Well, I am not a T1 -- I'm a T2 (for approx. 10 years?) on Novolog and Levemir. I recently discovered that I could achieve excellent control on a vegan diet. If I eat mostly low-glycemic (non-starchy) vegetables and a little fruit, my insulin requirements drop from approx. 100 IU per day (with poor control) to 20 IU per day (with good control.) My understanding is that vegetables/fruits have anti-inflammatory qualities which improve my insulin sensitivity.
I'm still trying to figure out which protein sources and which essential fatty-acid sources work best in my body. I do fairly well with nuts; beans are more difficult.
I am not advocating this diet for anyone else. I'm just reporting what seems to work best for me. I think our bodies vary enough that it makes sense to customize your own way of eating based on your body, your tastes, your exercise regimen, your results (BG's, A1C, etc.)
I think Dr. Cousins research has a lot to teach us about the human body and how it works.
I think a big puzzle-piece still remains on insulin resistance, and that a diet rich in organically-grown, lower-glycemic, high-micronutrient vegetables and fruits (of which Dr.

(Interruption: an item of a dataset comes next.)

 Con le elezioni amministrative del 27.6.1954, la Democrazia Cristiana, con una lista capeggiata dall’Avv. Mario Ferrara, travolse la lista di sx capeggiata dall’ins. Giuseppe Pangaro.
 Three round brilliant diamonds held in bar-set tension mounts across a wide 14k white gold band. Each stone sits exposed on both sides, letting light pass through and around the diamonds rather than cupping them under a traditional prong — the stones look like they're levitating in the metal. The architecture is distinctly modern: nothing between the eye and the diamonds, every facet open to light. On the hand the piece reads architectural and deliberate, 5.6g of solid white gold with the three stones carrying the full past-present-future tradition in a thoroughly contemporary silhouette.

Cousins would approve) really does help some people become more insulin sensitive -- often to the point of no longer needing to inject insulin.

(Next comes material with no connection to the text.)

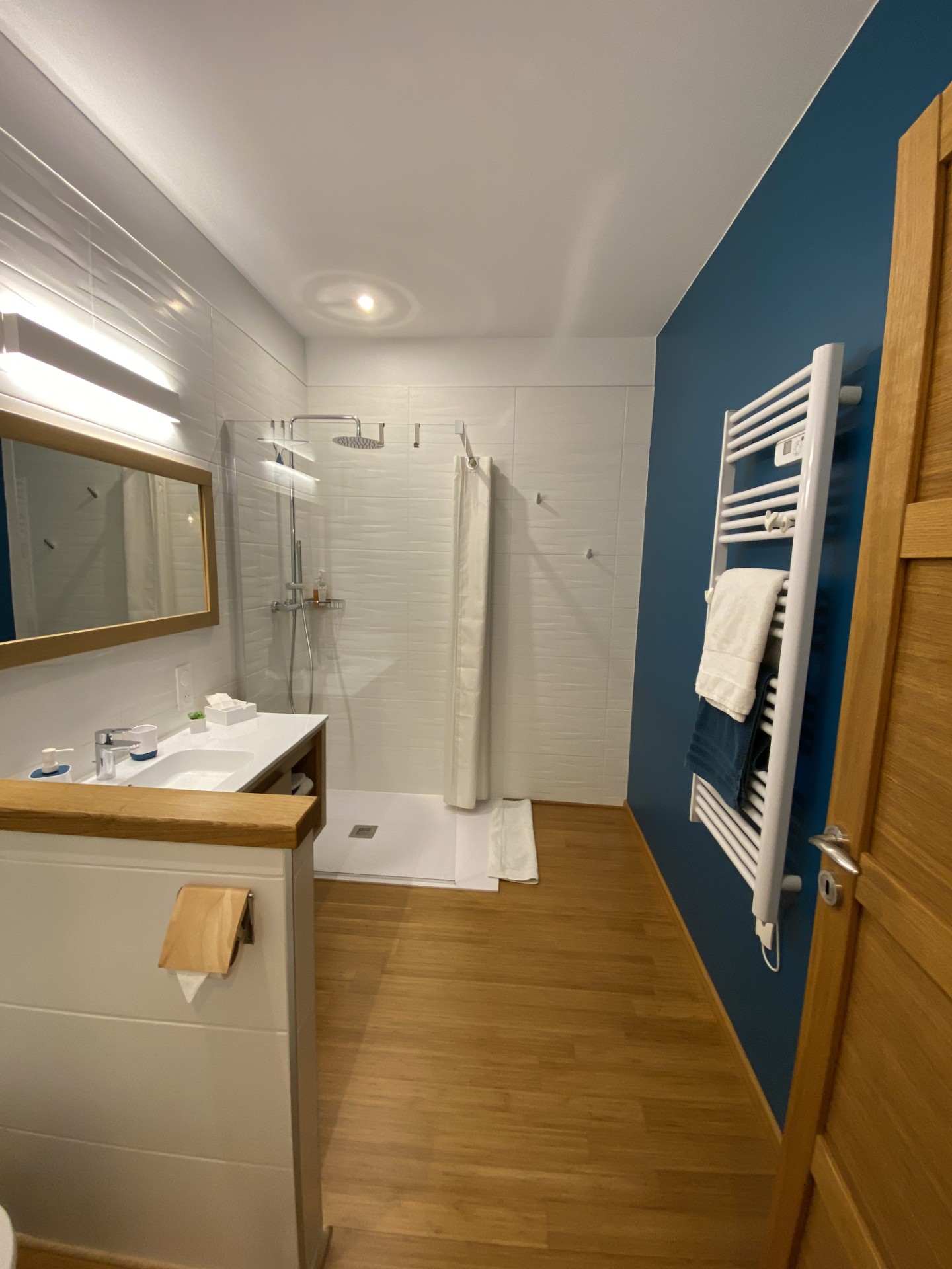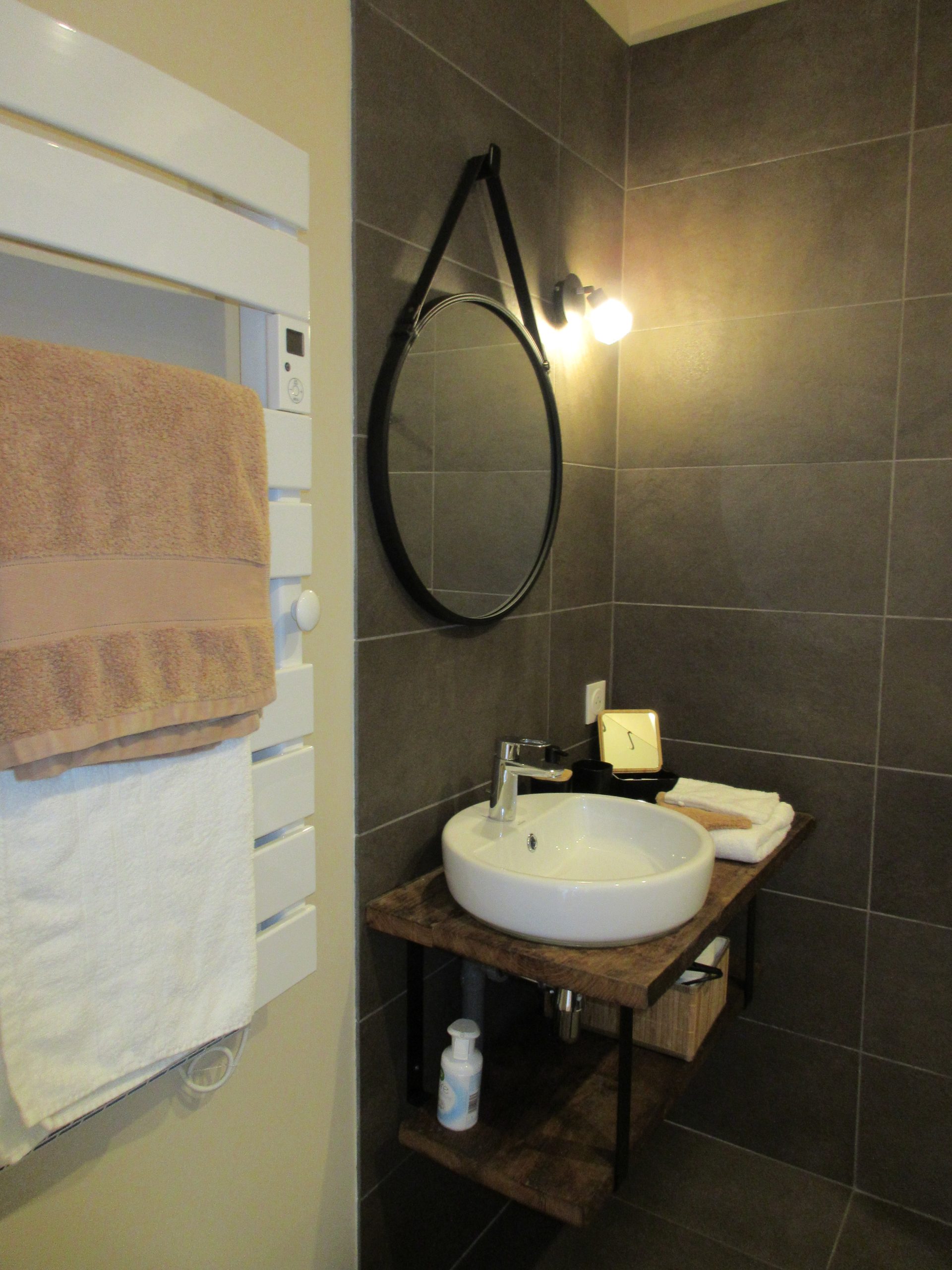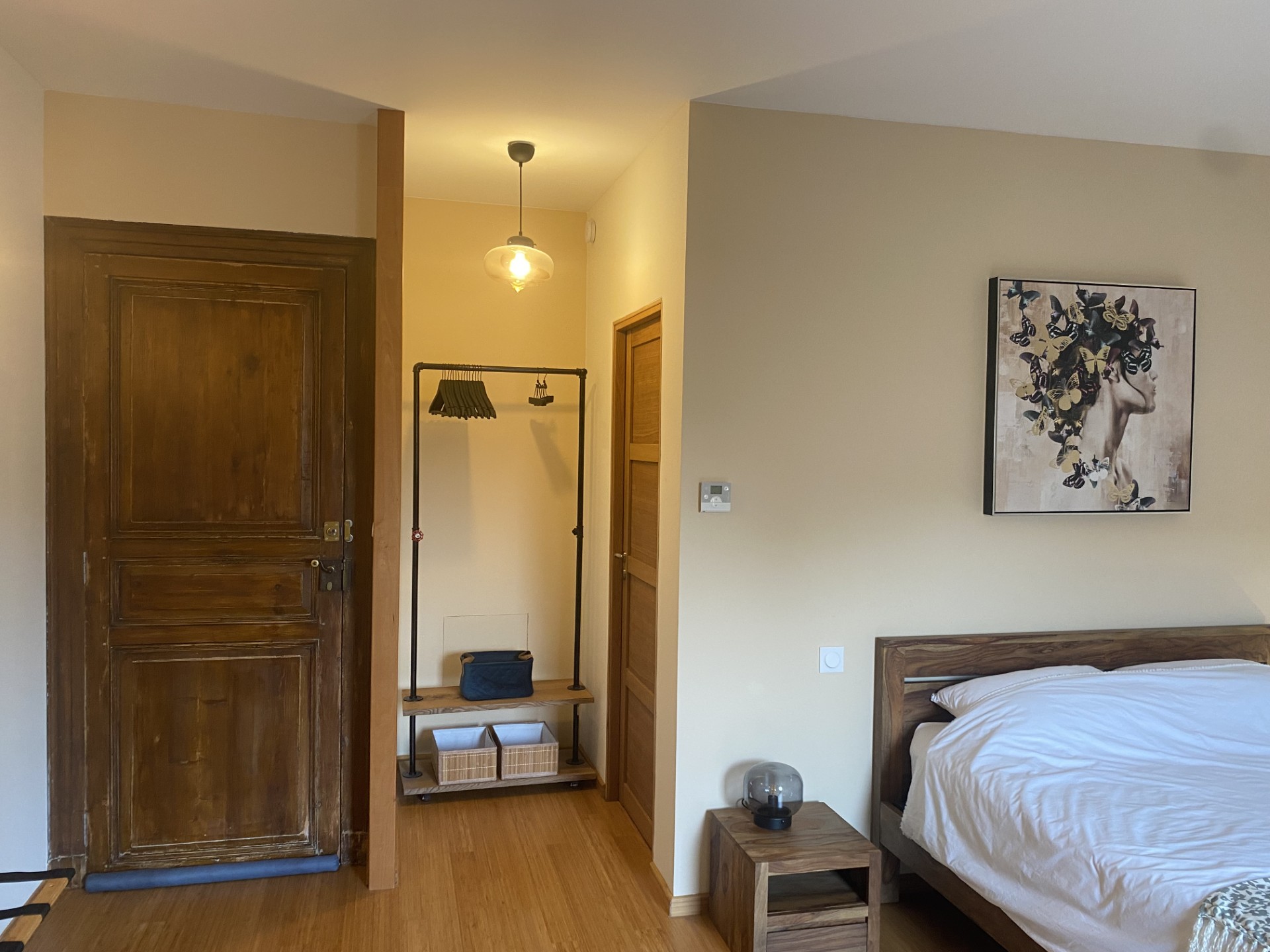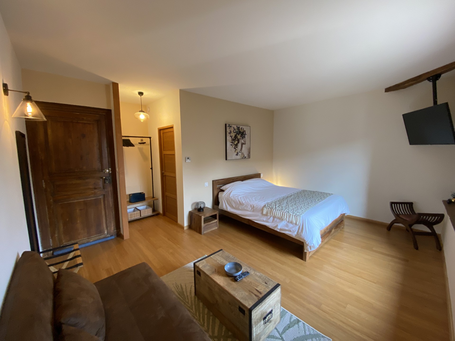 Lit de 160 cm et lit simple 90cm-Coin salon – Climatisation – TV 4K – WIFI gratuit – Vue sur la grange – Pour 1 à 2 adultes et 1 enfant ou 3 adultes – Grande salle d’eau indépendante avec toilette.

The devil is always in the details with these ways of eating.
Some so-called "healthy" vegans are subsisting on packaged, processed foods with very questionable ingredients.
For example, chocolate Tofutti is vegan, but is eating a pint of it before bed really the best choice for a diabetic? Ummm...I'm thinking, no.
On the other hand, some very-low-carb eaters completely avoid fruit. Is living without the phytonutrients in blueberries, strawberries, and blackberries the best idea? Some say yes. For me? I don't think so. On the other other hand, should a diabetic be eating four bananas and two cups of white grapes per day, washed down with several cups of high-sugar fruit juice? I'm thinking that would spell big trouble, but if I were a marathoner or competitive bike racer, I might need that level of quick carbs in order to keep from digesting my own muscles for fuel.
(Note: Home-juiced, perfectly fresh veggie juice -- carrot, cucumber, kale, celery, parsley, etc. -- works fine in my body, but not high-sugar fruits.)